ANCIENT EGYPT HISTORY |
THE RICHNESS OF DATA ABOUT EGYPT |
The particular nature and context of Quibell and Green’s discovery of the Narmer Palette at Hierakonpolis highlight the fact that great finds can in extreme cases be rendered almost meaningless if their full context is not properly recorded. Even the most meticulous excavation may sometimes run up against interpretive problems, but, conversely, if discoveries are made or published in an unscientific way then there is only the slimmest chance of their full meaning becoming apparent. Historically, Egyptology is immensely rich in data, and Egyptologists have consequently tended to be data-hungry scholars. A constant succession of fresh discoveries has ensured that the evidence itself has been steadily increasing in quantity and diversity.

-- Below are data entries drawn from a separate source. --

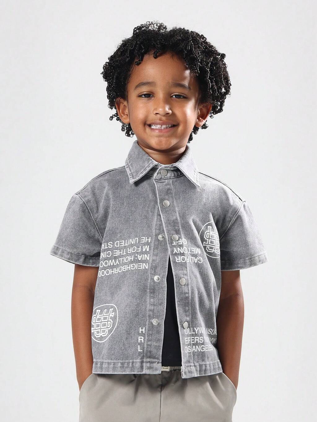 Camicia in denim grigio con bottoni e stampe di testo grafico
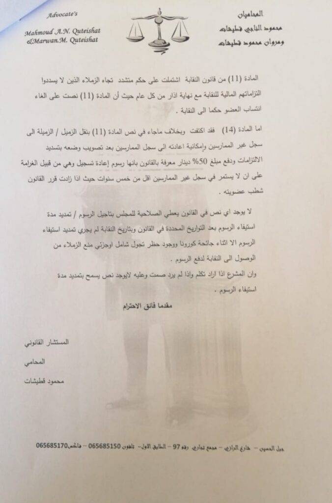 وأوضح القضاة في منشور عبر صفحته على منصة "فيسبوك”، مساء اليوم الأربعاء، أن "الاستشارة القانونية واضحة لا لبس فيها، والعمل بعكسها يعرض كل قرارات المجلس اللاحقة، واجتماع الهيئة العامة المقبل لشبهة عدم شرعيتها القانونية وبالتالي إمكانية الطعن بها”.
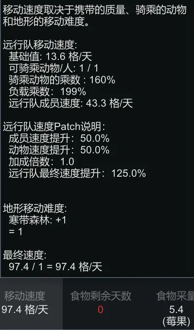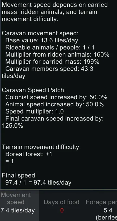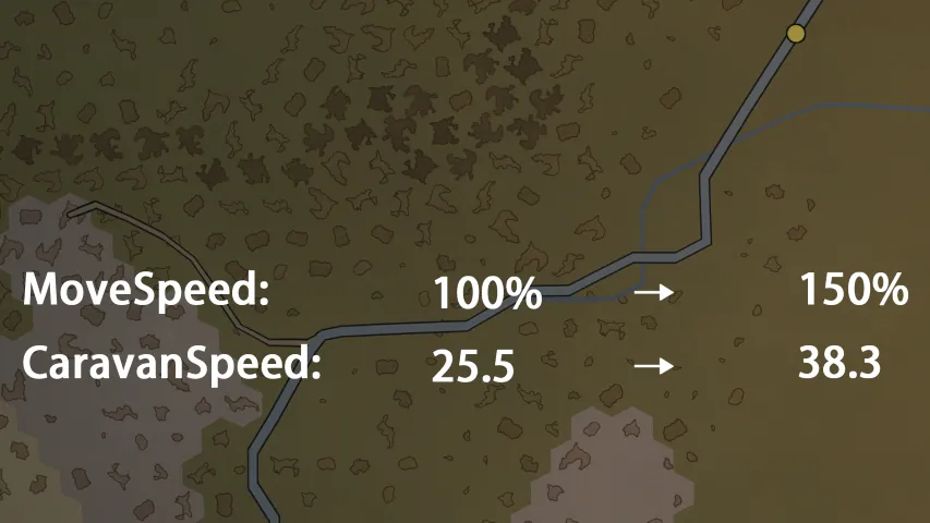 Increases caravan travel speed when there are members with [u] [b] above 100% [/b] [/u] move speed. If multiple such members exist, their bonuses are averaged — similar to the logic used for mounted animals. The speed bonus is configurable.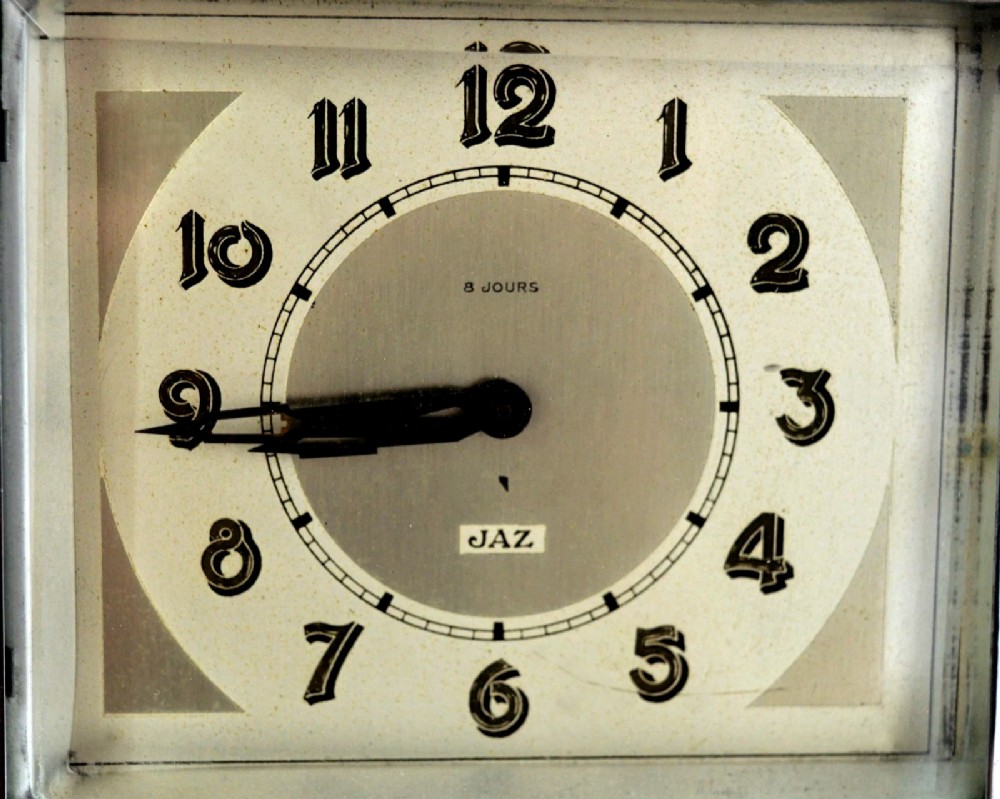 Art Deco Chrome and Bakelite Clock By Jaz Clockmakers, French, c1930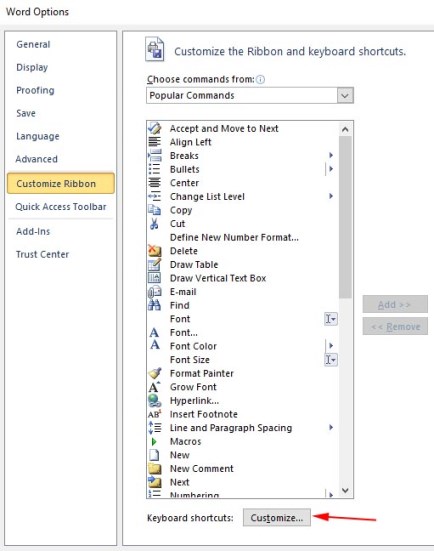 3. در پایین همین کادر، روی گزینۀ «Shortcut Key» کلیک کنید تا کادر محاوره‌ای «Customise Keyboard» باز شود.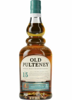 Old Pulteney 15 gilt als der sanfteste Malt der Old Pulteney Brennerei. So zeigt er sich in einem kräftigen Bernsteinton und insgesamt perfekt ausgewogen. Im Geschmack zeigt er Aromen von reifen Äpfeln, Zitrusfrüchten und getrockneten Früchten. Diese werden von der Süße, die an Honig und cremige Vanille erinnern, umspielt. Noten von intensiven Gewürzen, Lebkuchen, kräftiger Schokolade und süßem, dunklem Toffee gesellen sich hinzu. Nach und nach zeigen sich erfrischend maritime Aromen und runden ihn ab. Er endet mit einem sehr langanhaltendem Finish.

It is noticeable, however, that archaeological discoveries in Egypt have become such a cliché, in the way that the media respond to them and portray the discoveries and the protagonists, that an issue of Punch in 1986 was able to satirize very effectively the breathless and overblown way in which a new find (in this case the tomb of a man called Maya, Tutankhamun’s treasurer) is pumped up into a mini-Tutankhamun’s tomb, as if the newspaper reports automatically switch into a particularly fossilized and naı¨ve style of reportage when confronted by the glint of hidden treasure. The subject itself has not progressed purely through discoveries of new data. New theoretical paradigms have been adopted by different generations of Egyptologists, gradually transforming the accepted picture of ancient Egyptian culture. Secondly, new methods, such as innovative excavation techniques or sophisticated methods of scientific analysis, have, at various times, altered our perceptions of the surviving evidence from ancient Egypt. Whatever the hyperbole of the media, some of the archaeological discoveries have genuinely represented significant turning points in the history of the subject, as in the case of the excavation of Aegean-style frescos at the site of Tell el-Dab’a in 1987 or the unearthing of a rich cache of clay tablets inscribed in cuneiform script, at Amarna (the so-called Amarna Letters), in the 1890s. Like the Narmer Palette, both of these finds were quickly recognized not merely as crucial new pieces in the Egyptological jigsaw but as new types of information, necessitating significant rearrangement of the existing pattern of pieces.